= De Bie =

De Bie is a surname of Dutch origin. "De bie" (modern spelling "de bij") means "the bee", and the surname can be of metonymic occupational origin, e.g. a paternal ancestor may have been a bee-keeper. Other origins could be an address ("from a house with a sign of a bee") or be metaphorical (e.g. a busy person). Variant spellings include De Bij, De Bije, De By, De Bye, DeBie, Debije and Debye.

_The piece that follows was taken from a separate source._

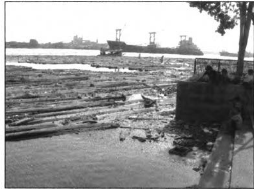
ภาพที่ 6.12 และ 6.13 แสดงภาพพื้นที่รึมน้ำภายในสวน วันที่ 10 กุมภาพันธ์ 2546 เวลา 15:20

จากการสัมภาษณ์เพิ่มเติมผู้ใช้บริการภายในสวน รู้สึกว่าสวนสกปรกเนื่องจากขยะที่ลอยอยู่ในน้ำและส่งกลิ่น และเมื่อน้ำลงทำให้เกิดภาพที่ไม่น่าดู ซึ่งจากการสัมภาษณ์ผู้ดูแลสวนไม่ได้ทำความสะอาดในบริเวณขยะที่อยู่ริมน้ำ และริมแม่น้ำเจ้าพระยาเนื่องจากทางเทศบาลจะมาเก็บขยะที่อยู่ริมน้ำ แนวทางการแก้ไขอาจทำได้โดยการตั้งถังขยะบริเวณริมน้ำเพิ่มขึ้นเพื่อให้ผู้ใช้ได้มีทางเลือกในการทิ้งขยะ และดูแลรักษาความสะอาดบริเวณริมน้ำมากขึ้น อาจหาแนวทางการแก้ไขไม้ที่ลอยอยู่ริมแม่น้ำ

People with this name include:
- De Bie
- Adriaen de Bie (1593–1668), Flemish painter
- Amadeus de Bie (1844–1920), Belgian abbot
- Cornelis de Bie (1621–1664), Dutch landscape painter
- Cornelis de Bie (1627–1715), Flemish rhetorician, poet and jurist
- Danny De Bie (born 1960), Belgian cyclocross racer
- Erasmus de Bie (1629–1675), Flemish land- and cityscape painter
- Erik Scott de Bie (born 1983), American fantasy author
- Jacob de Bie (1581 – c. 1640), Flemish engraver, publisher and numismatist
- Jan de Bie (1946–2021), Dutch painter and photographer
- Jean de Bie (1892–1961), Belgian football goalkeeper
- Mark De Bie (born 1939), Belgian television writer
- René De Bie (born 1945), Belgian racing cyclist
- Sean De Bie (born 1991), Belgian racing cyclist
- Silvy De Bie (born 1981), Belgian dance vocalist
- Thomas De Bie (born 1991), Belgian football goalkeeper
- Wim de Bie (1939–2023), Dutch comedian (half of the Dutch comedy duo "Van Kooten en De Bie")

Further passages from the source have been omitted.